Monday with the time running out on our Ho-Ho tickets, we took an "orange" line bus from Kelvin Ter (the square at the top of our street) to the Dohány Synagogue. Visiting this was something that has been on my 'to do' list for a while. We were lucky as the line was short and we probably waited no more than 10 minutes for a ticket and then joined the 11 am tour already in progress. Interesting,
every male entering the synagogue was given a paper yarmulke to wear. I am not familiar with Jewish traditions but we found out men of this form of Judaism are expected to cover their heads at all times. As we had missed some of the info and weren't too impressed with the guide, after she was finished, we waited for the next guide. He was much better. The following is information from Wikipedia about the synagogue:
The Dohány Street Synagogue, also known as the Great Synagogue or Tabakgasse Synagogue, is a historical building in Erzsébetváros, the 7th district of Budapest, Hungary. It is the largest synagogue in Europe and the second largest in the world after one in New York city. It seats 3,000 people and is a centre of Neolog Judaism. The synagogue was built between 1854 and 1859 in the Moorish Revival style, with the decoration based chiefly on Islamic models from North Africa and medieval Spain (the Alhambra). The synagogue's Viennese architect, Ludwig Förster, believed that no distinctively Jewish architecture could be identified, and thus chose "architectural forms that have been used by oriental ethnic groups that are related to the Israelite people, and in particular the Arabs". The interior design is partly by Frigyes Feszl. The Dohány Street Synagogue complex consists of the Great Synagogue, the Heroes' Temple, the graveyard, the Memorial and the Jewish Museum, which was built on the site on which Theodor Herzl's house of birth stood. D ohány Street itself, a leafy street in the city center, carries strong Holocaust connotations as it constituted the border of the Budapest Ghetto.
The guide
gave us the following information:
- There were around 900.000 Jews living in Hungary at the start of
WWII and most of them perished either in
Auschwitz, Dachau or Bergen Belsen.
- Raoul Wallenberg, a Swede, is credited with saving the lives of tens of thousands of Jews living in Budapest. The complex includes a memorial to him.

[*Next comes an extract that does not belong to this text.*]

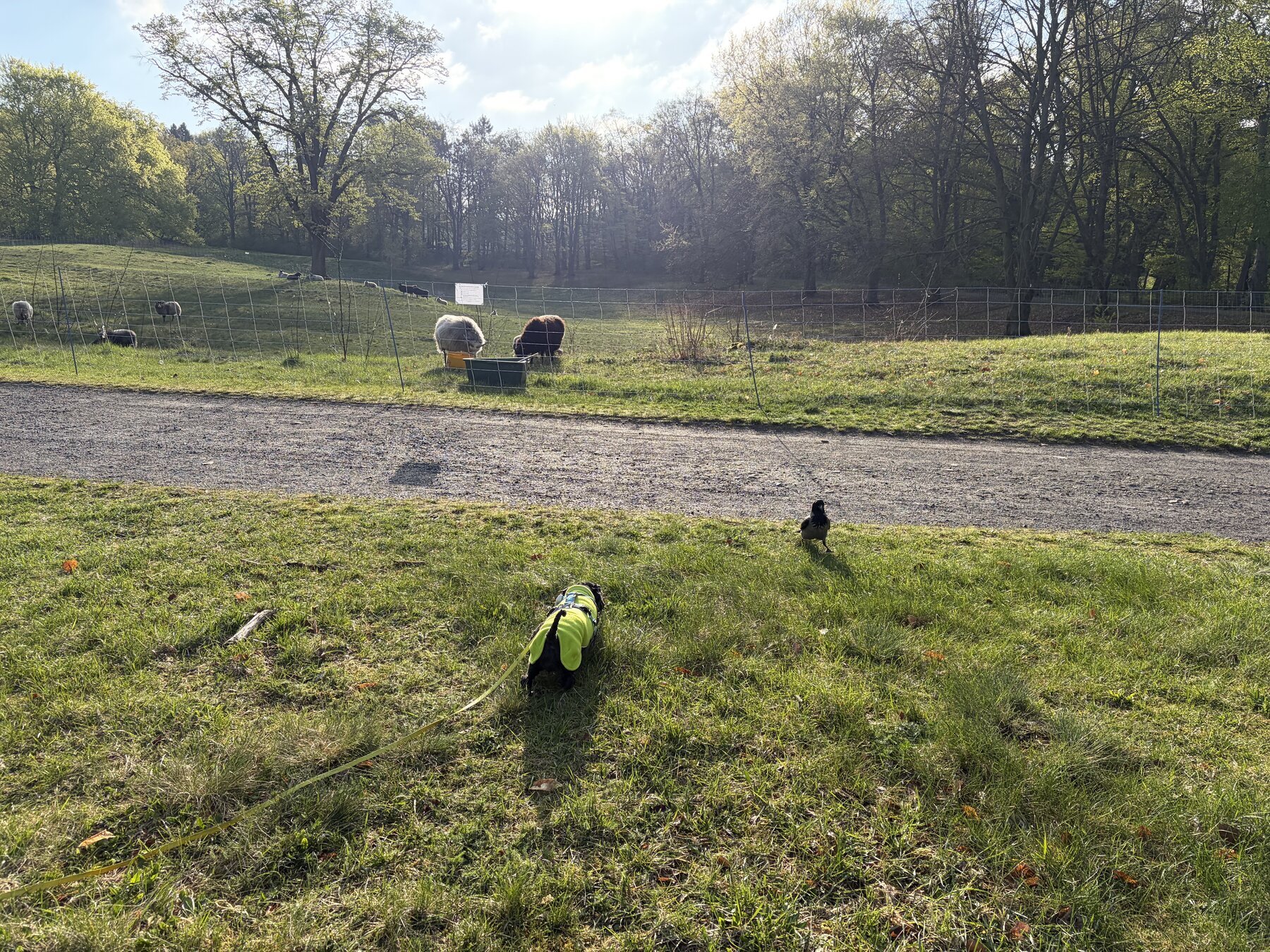 alt-text: foto von einem baum auf der bürgerwiese, davor stehen eingezäunte schafe, und eine krähe und frida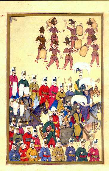 In (157b) janissaries in the lead clear the way for the chief of police and captain of the guard who are followed by the Janissary master (the turbaned figure in a blue robe) and the keeper of the hounds at his right. The figure sporting a huge white plume with a black aigrette at the left edge is the İstanbul agha. In (158a) three white-plumed Janissary aghas are followed by the Janissary grandmaster dressed in a tall turban and patterned silk kaftan. The procession is flanked on either side by lines of marching janissaries. A large contingent of sackers engaged in various antics marches across the top of both frames.

- Because the Allies were aware many Jews were living in the ghetto around the synagogue, this area of Budapest wasn't bombed so the synagogue, and many of the Jews, about 70,000 of them, survived.
- Behind the synagogue there is a mass grave with something like 2000 people buried there plus a memorial to Wallenberg and a beautiful sculpture called The Tree of Life which is basically an upside down menorah which looks like a willow tree. Most of the leaves on the tree are engraved with the names of Hungarian victims of the Holocaust.
Just behind the synagogue in what was the ghetto is another memorial to a Swiss man named Karl Lutz who was also responsible for saving some Jewish lives. On a related note, I have written before about the "Stolperstein" which are brass plates placed in the cobblestones in front of houses memorializing Jews taken from the residence (typically, the plates give the persons' names and their fate). I have seen a number of them in Germany (Gengenbach, for example) but we have also spotted several here.
| Carl Lutz Memorial |
| Stolperstein (above and below) |
Following our visit to the synagogue, we had wanted to wander more around the ghetto area but it was raining so we hopped on the "orange" line bus and headed over the Liberty Bridge to the Buda side where we got off at the Gellert Hotel and Spa. Kath wanted to experience the baths here. Afterwards, she said she was more impressed with Harrison Hot Springs than this world famous spa!
Our final stop of the day was the nearby Chapel in the Rock. This
chapel is on a small hill directly opposite the landmark Danubius Hotel
Gellért. It was built into a cave in 1926 and was the seat of Hungary's Pauline
order until 1951, when the priests were imprisoned by the communists and the
cave sealed off. It was reopened and reconsecrated in 1992. Behind the chapel
is a monastery with neo-Gothic turrets that are visible from Liberty Bridge.